Nitika Sharma 31 Oct, 2023 • 6 min read

## Introduction

The Cumulative Distribution Function and the Probability Density Function are 2 essential ideas in probability theory that frequently confound students. Understanding random variables’ behavior, features, and distributions depends critically on these operations. Knowing differences between PDF vs CDF is crucial to analyze and interpret the probabilities linked to continuous and discrete random variables.

This article will discuss the definitions of PDF vs CDF and their unique roles and interactions. To clarify their application and highlight their significance in diverse statistical applications, we will also offer a solved example to show their use.

## What is Probability Density Function (PDF)?

The PDF is a crucial tool for understanding the probabilities associated with continuous random variables. It provides a smooth curve representing the probability distribution over possible values. The PDF function does not give the probabilities of specific individual values. Still, it describes the likelihood of the random variable taking on values within a small interval around a particular point.

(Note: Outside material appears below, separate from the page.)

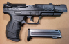 Sie bieten auf eine gute KK-Pistole Walther, Mod. P 22, mit dem kompletten Zubehör in der Original Waffenbox.

To understand the concept of PDF, imagine a continuous probability distribution, such as the height of adult males. The probability for various height ranges will be displayed in the PDF. It might suggest, for instance, that people with heights between 5’9″ and 5’10” are more numerous than those with heights outside of that range.

The area under the PDF curve spanning a range represents the probability that the random variable will fall inside that range. Only by computing the integral of the PDF at that point can the probability of a single value, which is the probability that the random variable will be infinitesimally close to that value, be calculated.

## What is Cumulative Distribution Function (CDF)?

The CDF is a complementary concept to the PDF and provides a cumulative perspective of the probabilities associated with a random variable. Unlike the smooth curve of the PDF, the CDF is a step function that jumps at specific values. It displays the likelihood that a particular number will be less than or equal to the random variable.

The CDF begins at 0 for negative values, moving steadily towards 1 as the random variable’s value rises. For discrete random variables, the CDF increases in steps corresponding to the probabilities of each possible outcome. For continuous random variables, it increases smoothly, reflecting the accumulated probabilities across different intervals.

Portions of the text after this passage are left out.